Primary functioning hepatic paraganglioma mimicking hepatocellular carcinoma: A case report and literature review

Abstract

Introduction: Hepatic paraganglioma (HPGL) originates from the sympathetic nervous tissue in the liver, and is an extremely rare type of the sympathetic paragangliomas. Till now, only 11 HPGL cases have been reported.

Case presentation: A 49-year-old woman presented to our hospital with a lesion in the right lobe of the liver, which grew from 2 to 6 cm in 2 years. In addition, she had a 6-year history of diabetes. The patient was initially diagnosed as hepatocellular carcinoma and hepatectomy was performed. Surgical resection of the liver lesion was successful, but the blood pressure rose and fell sharply when the lesion was being removed. The pathological examination of the liver lesion showed that it was HPGL. After the operation, the patient recovered uneventfully. Follow-up examination showed the blood glucose level went back to the normal range in 20 days after the operation, and MRI and I-MIBG scan showed that there was no evidence of recurrence and metastasis in >2 years.

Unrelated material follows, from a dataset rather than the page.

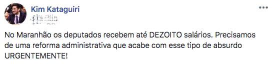 A fake news de Katguiri foi com relação aos salários dos deputados estaduais maranhenses. O deputado federal, para defender um reforma administrativa, disse que no Maranhão os deputados estaduais do Maranhão recebem até 18 salários.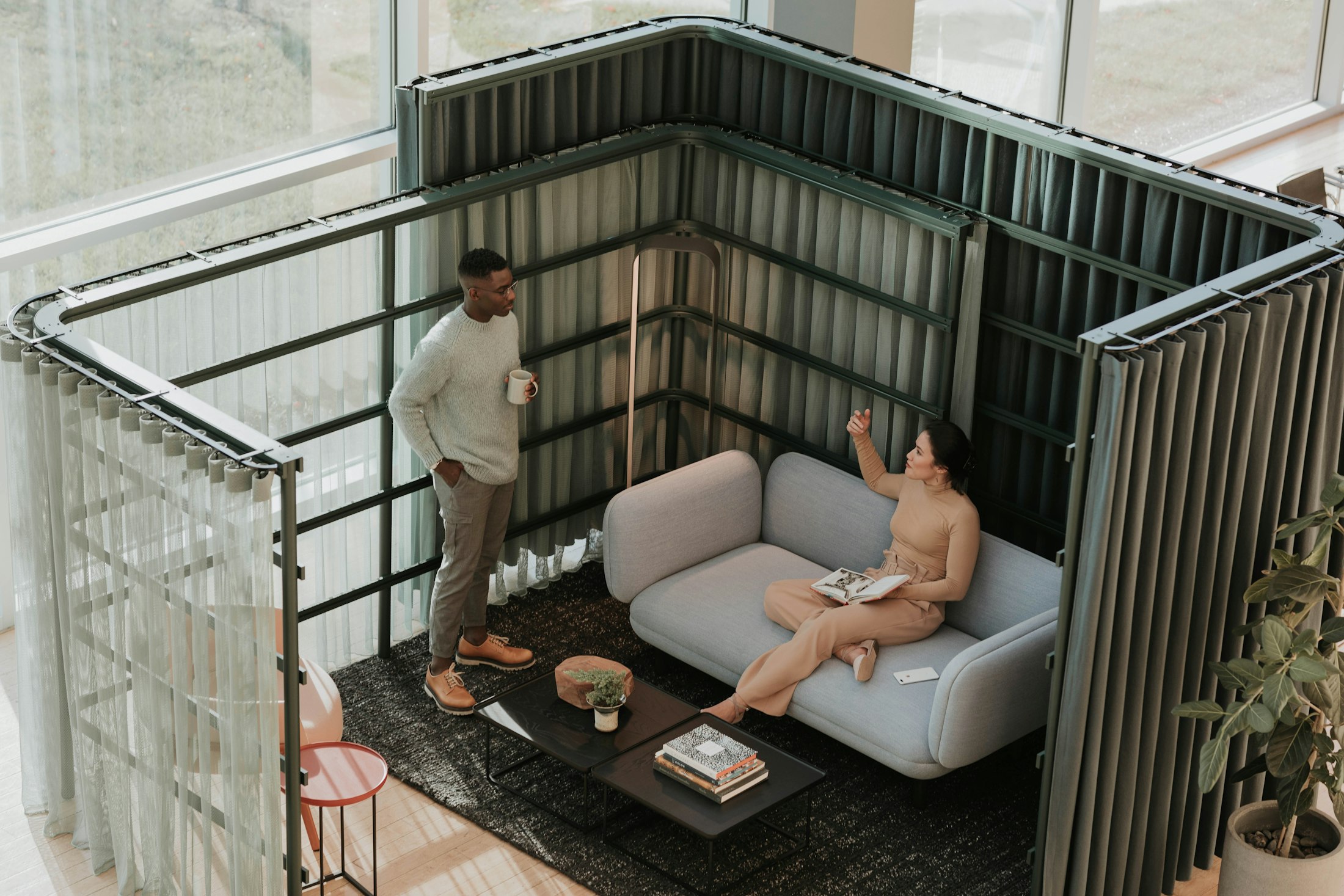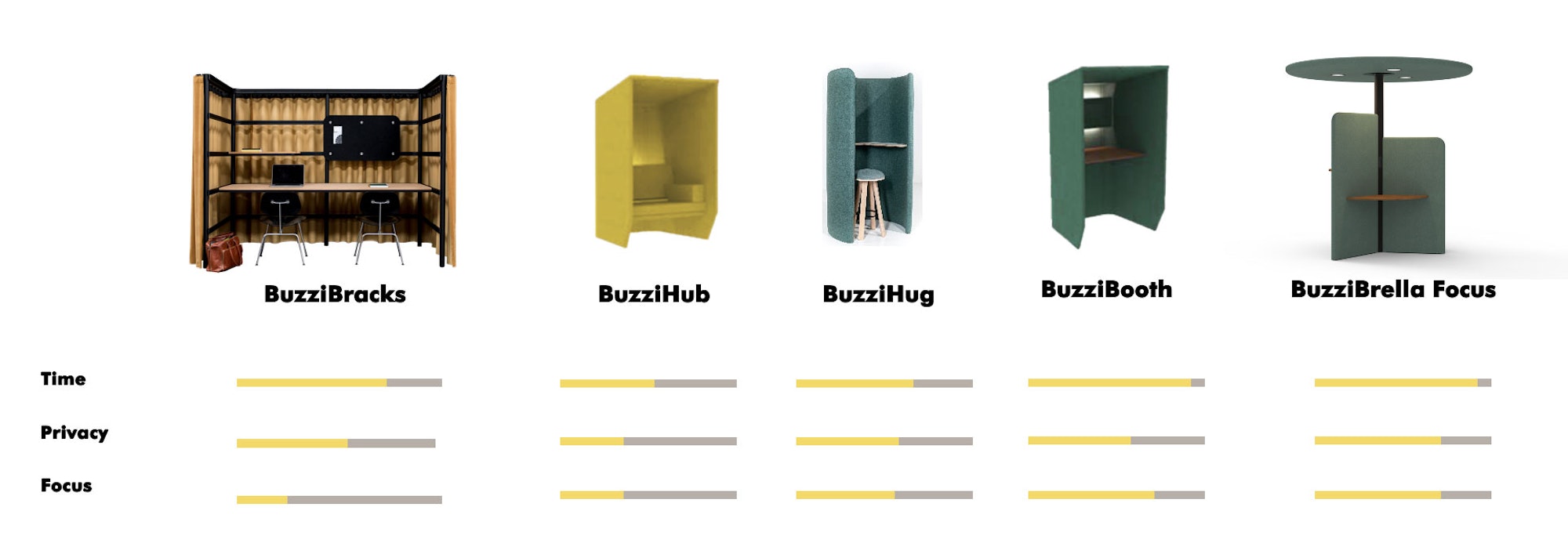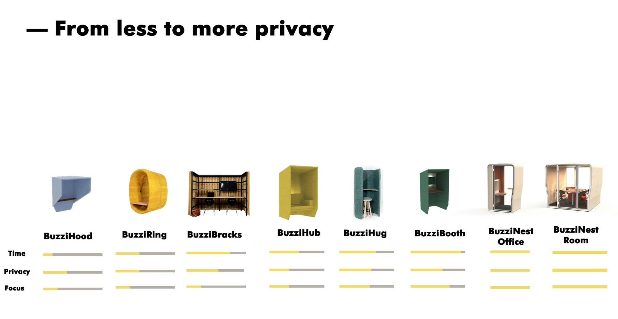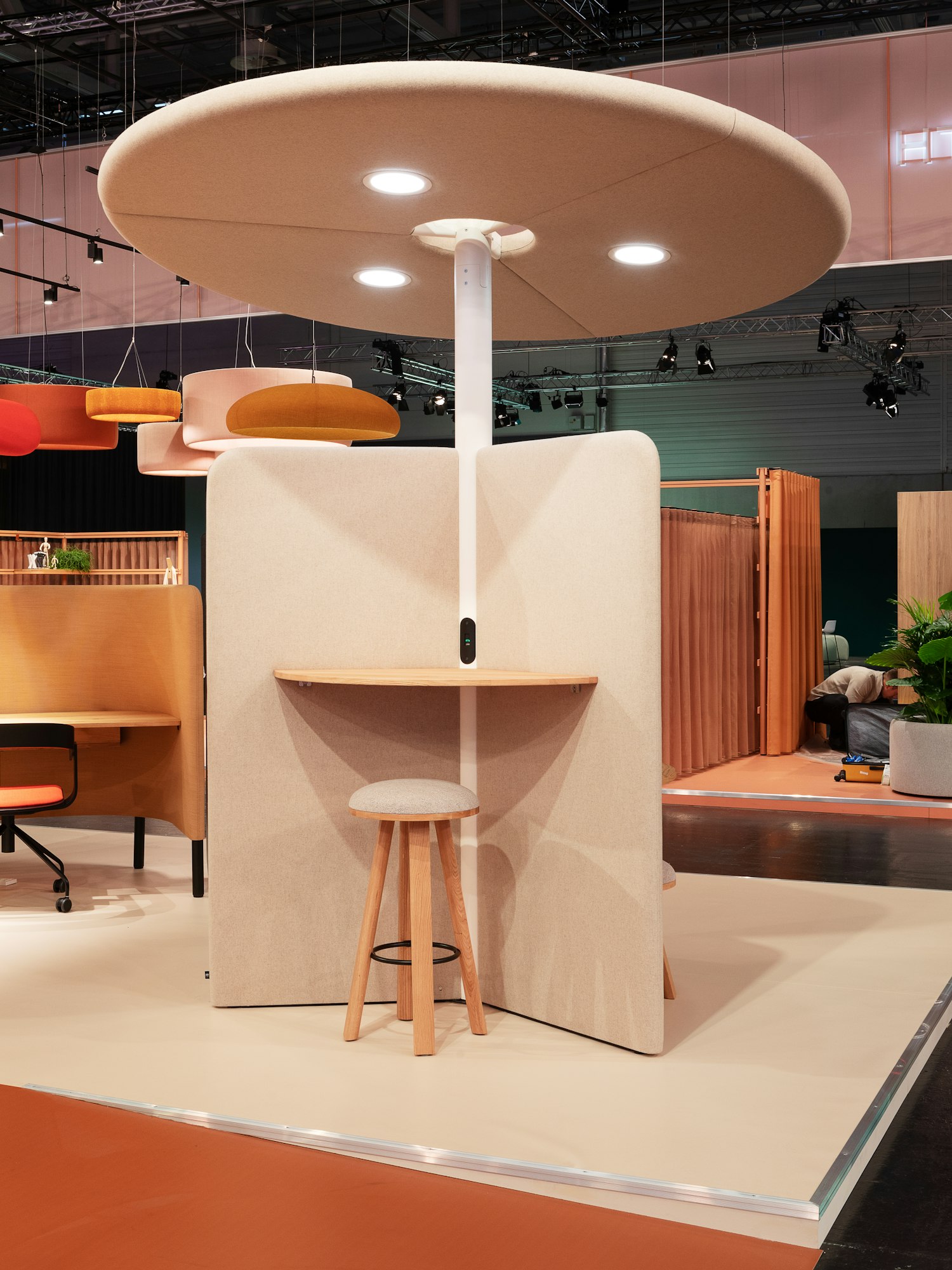 For open-space offices without acoustic treatment, a privacy booth can help absorb excess noise while additionally forming spots for work, meetings, and collaboration areas without having to build walls.

Conclusion: By means of reporting this case and reviewing 11 reported cases, we conclude that the incidence of HPGLs is extremely low and the clinical and radiological characteristics of HPGLs are nonspecific; thus, it is hard to diagnose HPGLs correctly. Surgical resection is curative therapy for HPGLs, whereas the removing of HPGLs may cause the releasing of catecholamine, and then lead to hypertension crisis and arrhythmia. Thus, antihypertensive therapy is necessary during the operation. Follow-ups after the operation are important for HPGL patients, for pathological examinations are not sufficient to differ malignant HPGLs from benign ones, and follow-ups are helpful for HPGL patients to find the recurrent foci or metastases timely.

Figure 1

Preoperative radiological examination of the reported case. (A) Ultrasonography revealed a hypoechoic mass with its diameter of 5.7 × 4.9 cm (A1), color Doppler flow imaging indicated that the mass was next to the second porta of liver (A2). From (A) to (C), yellow arrows heads direct the liver lesion; (B) abdominal MRI scanning. T1-weighted magnetic resonance (MR) image showed a low signal intensity mass which located in the segment 7 and 8 and caudate process of the liver (B1), and T2-weighted MR image showed the lesion is of high signal intensity (B2); MR with diffusion-weighted images showed that the mass was hyperintensity with restricted diffusion (B3); MR with perfusion-weighted imaging showed the mass was hyperenhanced in the arterial phase (B4) and de-enhanced in the portal phase (B5); coronal view of 2D-FIESTA sequence images showed the mass is close to the right hepatic vein (B6) and the right posterior branch of the portal vein (B7); and MR cholangiopancreatography showed no obvious abnormality in the bile duct (B8); (C) abdominal computed tomography (CT) scanning. Plain CT scan showed a hypoattenuating liver lesion (C1); arterial phase showed nodular enhancement of the lesion (C2); portal phase showed a low density nodule(C3); (D) 3D reconstruction of CT images. anterior view (D1-D4) and upper view (D5) of the reconstructed images of liver are showed. The liver lesion is labeled with light green, liver is labeled with auburn, abdominal aorta, and hepatic artery are labeled with red, portal vein and its branches are labeled with cyan, and hepatic vein and inferior vena cava are labeled with blue.

Figure 2

Postoperative pathological examination of the reported case. (A) Gross appearance showed the cut surface of the mass; (B) Hematoxylin-eosin staining of tumor tissue (black arrow). Original magnification: 200×; (C) immunohistochemical staining for indicated markers. Original magnification: 200×.